From the first line to the last, repeat the data exactly but leave out the pictures.

__Stored data__
* * * * * * * * *

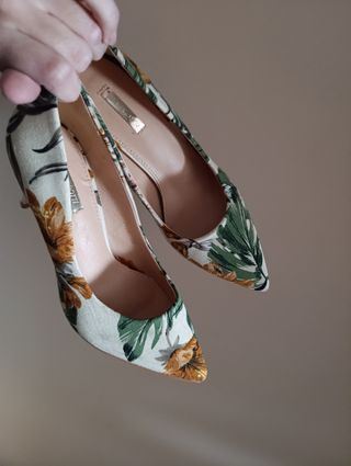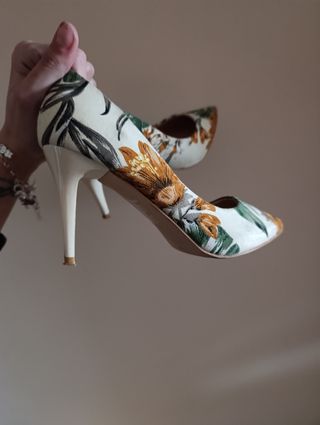 Elegantes zapatos de tacón con un llamativo estampado floral. - Diseño de punta fina. - Estampado con flores y hojas verdes y marrones. - Tacón de aguja.
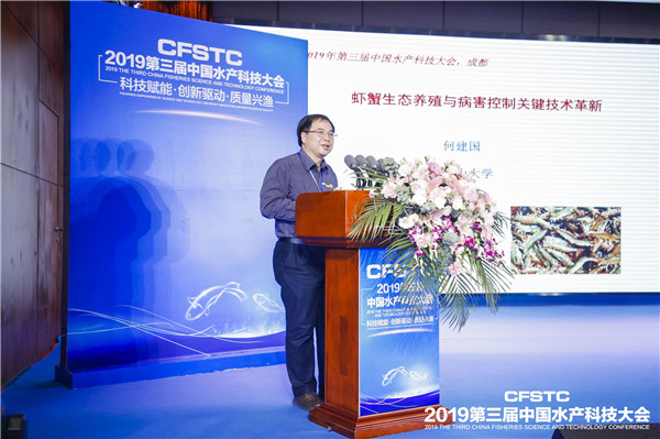 下午13:40分 中山大學教授、國家蝦蟹產業(yè)技術體系首席科學家何建國帶來“蝦、蟹生態(tài)養(yǎng)殖與病害控制關鍵技術革新”的主題演講。何教授表示,當前,我國蝦蟹養(yǎng)殖中,生態(tài)養(yǎng)殖的比例越來越高,多種生態(tài)養(yǎng)殖模式得到運用,這與生態(tài)養(yǎng)殖穩(wěn)定、環(huán)保、病害發(fā)生少等優(yōu)點息息相關。
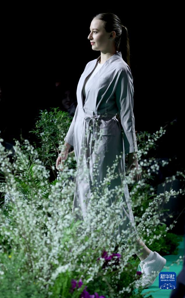 3月29日,模特在“綠色纖維制品可信平臺”發(fā)布會(huì )上展示可循環(huán)再利用的時(shí)裝。

* * * * * * * * *

__Exercise output__
 Elegantes zapatos de tacón con un llamativo estampado floral. - Diseño de punta fina. - Estampado con flores y hojas verdes y marrones. - Tacón de aguja.
 下午13:40分 中山大學教授、國家蝦蟹產業(yè)技術體系首席科學家何建國帶來“蝦、蟹生態(tài)養(yǎng)殖與病害控制關鍵技術革新”的主題演講。何教授表示,當前,我國蝦蟹養(yǎng)殖中,生態(tài)養(yǎng)殖的比例越來越高,多種生態(tài)養(yǎng)殖模式得到運用,這與生態(tài)養(yǎng)殖穩(wěn)定、環(huán)保、病害發(fā)生少等優(yōu)點息息相關。
 3月29日,模特在“綠色纖維制品可信平臺”發(fā)布會(huì )上展示可循環(huán)再利用的時(shí)裝。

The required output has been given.